Retype the data exactly, from its first line to the line containing "Завантажити версію Розмальовка", including both, and skip any picture.

§ **Data block**:
□ □ □ □ □

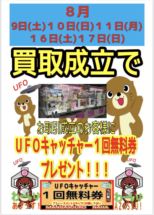 202508.06 イベント 買取成立でUFOキャッチャー1回無料券配布イベント!! 『買取成立でUFOキャッチャー1回無料券プレゼント』イベント開催!! 開催期間は8月の9日(土)10日(日)11日(月)16日(土)17日(日)となります!! 買取するならお得に売ってお得に遊べるこの期間中に是非マンガ倉庫那覇店へ!!!
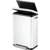 Stilfuld rektangulær pedalspand med ekstra bred pedal, indvendig plastikspand, blødt lukkende låg og stay-open funktion.
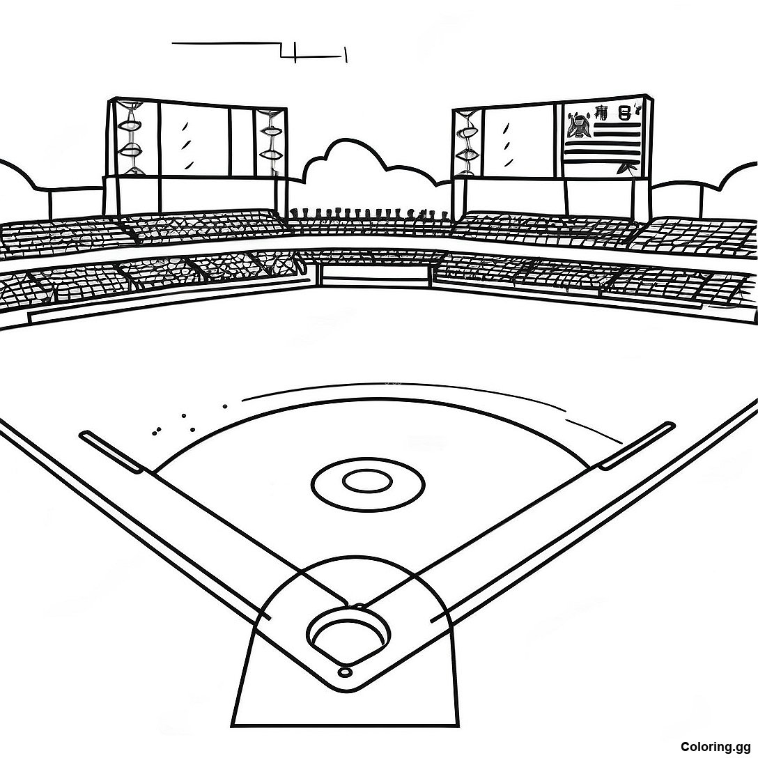 Завантажити версію Розмальовка Бейсбольного Поля З Гравцями для друку в PDF
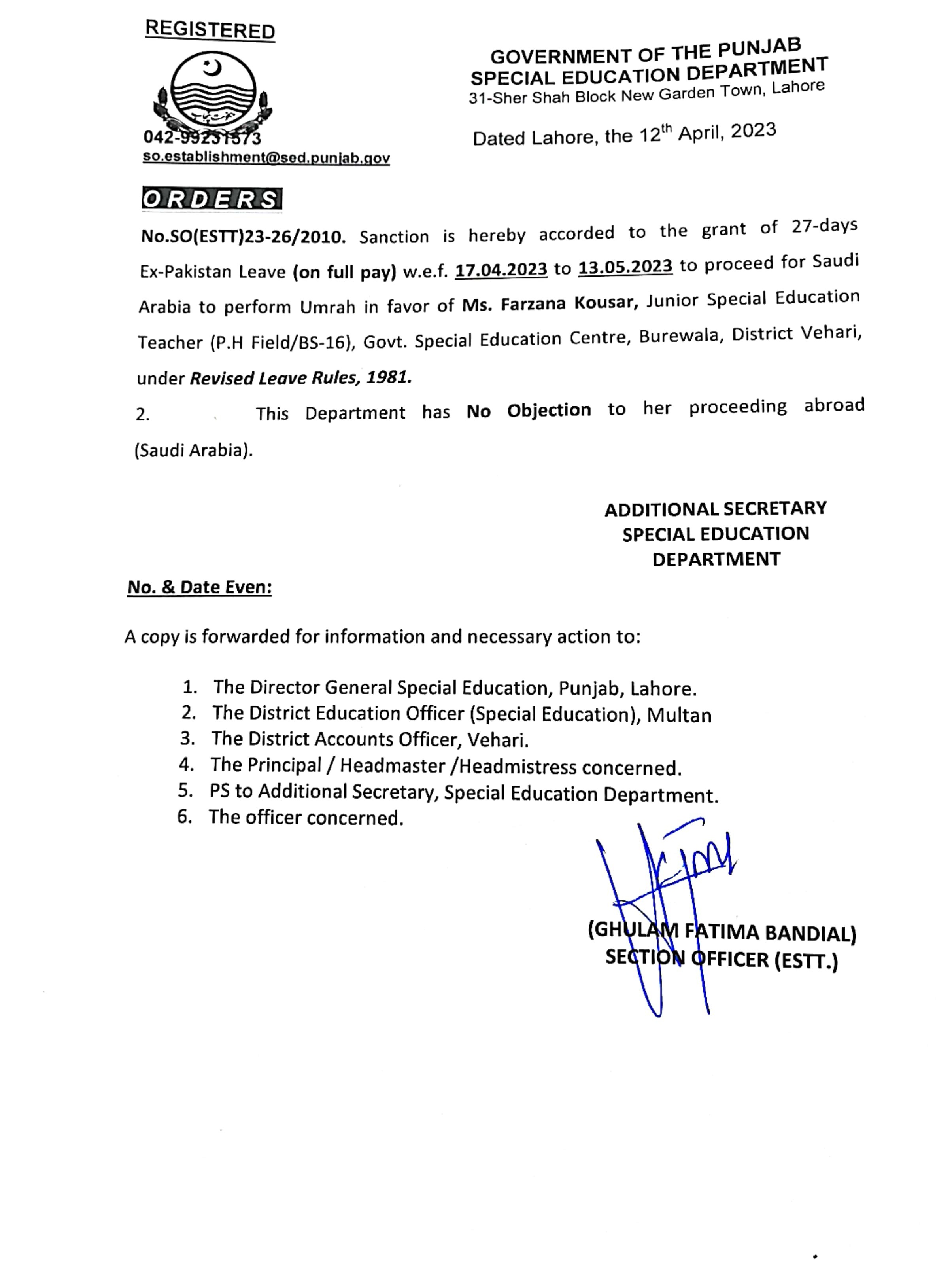 Category Leave Orders Date Wednesday, April 12, 2023 - 12:00 Order No S0(ESTT.)23-26/2010 File CamScanner 04-12-2023 15.34_page1_image1.jpg548.46 KB Employee Name Farzana Kousar Prominent Notifications

□ □ □ □ □

§ **Solution to the exercise**:
 202508.06 イベント 買取成立でUFOキャッチャー1回無料券配布イベント!! 『買取成立でUFOキャッチャー1回無料券プレゼント』イベント開催!! 開催期間は8月の9日(土)10日(日)11日(月)16日(土)17日(日)となります!! 買取するならお得に売ってお得に遊べるこの期間中に是非マンガ倉庫那覇店へ!!!
 Stilfuld rektangulær pedalspand med ekstra bred pedal, indvendig plastikspand, blødt lukkende låg og stay-open funktion.
 Завантажити версію Розмальовка Бейсбольного Поля З Гравцями для друку в PDF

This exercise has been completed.